The consistent framework for HEC's argumentation over the last decade has been that there are _two_ distinct kinds of high-performance computer system. On the one hand, there are strongly parallel, high-bandwidth systems (capability systems, called "Type C" systems by Burton Smith), whose dominant cost lies in their (expensive) system interconnect. On the other hand, there are weakly parallel, low-bandwidth systems (capacity systems, called "Type T" systems by Burton Smith), whose dominant cost lies in their (cheap) transistors---in processors and memory. ("C" is for [inter]connect; "T" is for transistor).

Parallelism strength is determined by the number and kind of parallelism mechanisms in the processor. Such mechanisms are used to tolerate memory, network, and synchronization latencies, among others. While a Type-T system is sufficient to achieve a respectable Linpack R_max value, only a Type-C system can achieve a respectable Gups number or respectable performance on sparse matrix-vector multiply (in the general case).
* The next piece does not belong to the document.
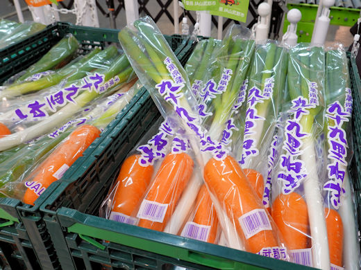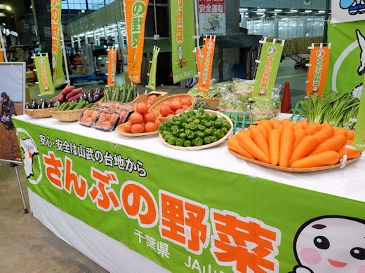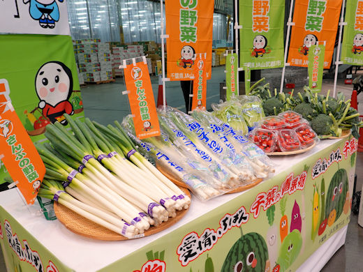 山武郡市産の多彩な青果物が美しく並び、会場を彩りました。展示されているねぎや人参は、これから旬を迎え、最も美味しい時期に入ります。

Of course, the latest thinking about Type-C systems is that they should incorporate diverse, compatible locality mechanisms in order to complement their (strong) parallelism mechanisms. The new Type-C slogans are: "No parallelism left behind!" and "No locality left behind!".

The first punchline of the rebuttal, therefore, is that achieving Linpack performance is inexpensive: if you need only floating-point performance and very little in the way of memory access, communication, or synchronization, then you don't need to spend money on the routers, wires, connectors, flex circuits, etc., etc., that are necessary to move data around, not just compute rapidly with them if they happen to be close at hand.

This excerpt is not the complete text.